Читаем Дождь в Париже полностью

Когда-то, в начале восьмидесятых, дач в Кызыле почти не было. На правом берегу, в тополевом лесу, находилось десятка два просторных участков для партийной, творческой верхушки республики. Остальным как бы и не требовалось. Во-первых, овощами и основными фруктами вроде яблок, груш город снабжался исправно, а во-вторых, Кызыл больше чем наполовину состоял из частного сектора – изб с огородами. Да и у многих жильцов пятиэтажек были в городе клочки земли – три-шесть соток, – на которых можно было выращивать морковку, лук, редиску, немного картошки, корней двадцать помидоров.

Но в середине восьмидесятых начались перебои с продуктами, плюс к тому частный сектор в центре сносился, на его месте строили многоквартирники. И по обоим берегам Енисея стали разрастаться дачные кооперативы.

Родители Пашки Бобровского одними из первых получили землю под дачу на левом берегу. Теперь здесь стояли крепкий бревенчатый дом, баня, сарай, крошечный сад – с десяток вишен, яблонь, ранеток… Треть участка занимала картофельная деляна.

Сейчас картошка была уже выкопана, из подсохшей земли высовывались зазеленевшие от солнца клубеньки, которые из-за мелкости не стали собирать.
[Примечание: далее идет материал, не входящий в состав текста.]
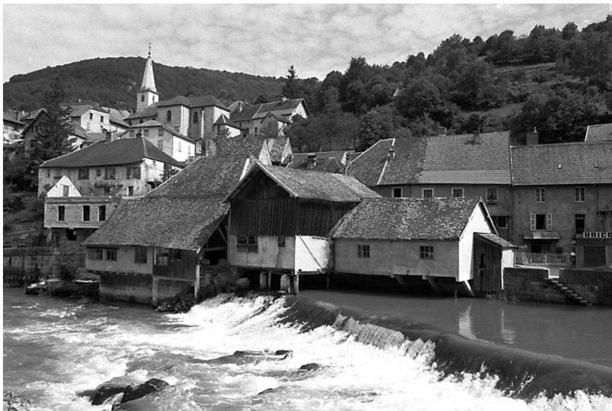
Vue générale depuis la rive gauche de la Loue. 25, Lods

Пацаны без промедлений соорудили посреди делянки самодельный мангал из кирпичей, развели костер. У Юльки была с собой замаринованная баранина, у Ольги – дефицитные сосиски.

«Может, затопить баню, а?» – предложил Боб с таким явным подтекстом, что даже парни испуганно отказались.

Белый увидел в домике удочки:

«Чуваки, а давайте порыбачим! Самый момент сейчас».

«Какой момент?» – не поняла Марина Лузгина.

«У рыбы жор как раз перед зимой. Клевать должно бешено… Айда на Енисей!»

Идея пойти на Енисей девчонок почему-то очень воодушевила. Пацаны, уловив в этом воодушевлении некий намек, поддержали.

Наскоро, не на углях, а на огне поджарив куски баранины и сложив их в мутный, не раз, видимо, стиранный целлофановый мешочек, перелив брагу из одной банки в три бутылки, закупорив их пробками, отправились на реку. Да, и червей накопали – черви были жирные, маслянистые, ленивые. Даже не очень сопротивлялись, когда их хватали пальцами, бросали в консервную банку из-под горошка.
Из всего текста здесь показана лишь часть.